The parties are well-acquainted with the long and winding history of this matter. As a result, for orientation purposes only, the Court will provide the relevant facts from the Supreme Court’s decision in Halliburton, Co. v. Erica P. John Fund, Inc., — U.S.-, 134 S.Ct. 2398,189 L.Ed.2d 339 (2014) (“Halliburton II”):

Erica P. John Fund, Inc. (EPJ Fund), is the lead plaintiff in a putative class action against Halliburton and one of its executives (collectively Halliburton) alleging violations of section 10(b) of the Securities Exchange Act of 1934, 48 Stat. 891, 15 U.S.C. § 78j(b), and Securities and Exchange Commission Rule 10b-5, 17 CFR § 240.10b-5 (2013). According to EPJ Fund ... Halliburton made a series of misrepresentations regarding its potential liability in asbestos litigation, its expected revenue from certain construction contracts, and the anticipated benefits of its merger with another company — all in an attempt to inflate the price of its stock. Halliburton subsequently made a number of corrective disclosures, which, EPJ Fund contends, caused the company’s stock price to drop and investors to lose money. Halliburton II, 134 S.Ct. at 2405-06.

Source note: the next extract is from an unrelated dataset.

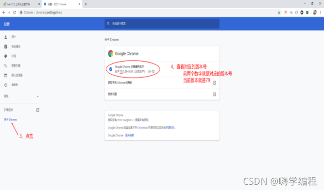 第二步:查看当前谷歌浏览器版本号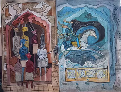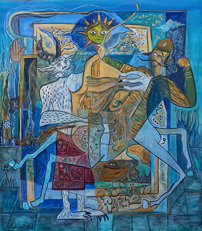 در نگاه نخست، فرمها و پیکرهها به یاد نقشمایههای کهن میافتند؛ چهرههایی که گویی از دل شاهنامه و اسطوره برخاستهاند و در عین حال، درگیر روایتی مدرناند. ترکیب رنگها، از آبیهای ژرف تا طلاییهای درخشان، میان گذشته و اکنون پل میزنند. پیکرهای نیمهانسان، نیمهجانور، با اندامهای گسسته و خطوط روان، ما را به جهانی میبرند که مرز میان انسان و اسطوره در آن فرو ریخته است.

Plaintiffs, represented by the Erica P. John Fund, Inc. (“the Fund”), initially moved to certify a class consisting of all investors who bought Halliburton common stock between June 3, 1999 and December 7, 2001.1 This Court found that the proposed class met all of the prerequisites of Federal Rule of Civil Procedure 23(a) — numerosity, common questions of law and fact, typicality, superiority, and adequacy. However, the Court denied class certification because Fifth Circuit precedent required Plaintiffs to prove “loss causation” to invoke the fraud-on-the-market presumption of Basic v. Levinson, 485 U.S. 224, 243, 108 S.Ct. 978, 99 L.Ed.2d 194 (1988), and the Court concluded the Fund had not met its burden of proof to do so.2 The Fifth Circuit affirmed on that ground.3 The Supreme Court subsequently vacated the judgment, holding that loss causation “addresses a matter different from whether an investor relied on a misrepresentation, presumptively or otherwise, when buying or selling a stock,” and that loss causation need not be shown at the class certification stage. Erica P. John Fund, Inc. v. Halliburton Co., 563 U.S. 804, 131 S.Ct. 2179, 2185-86, 180 L.Ed.2d 24 (2011) (“Halliburton /”). The ease was remanded to this Court to address any “further arguments against class certification” preserved by Halliburton. Id. at 2187.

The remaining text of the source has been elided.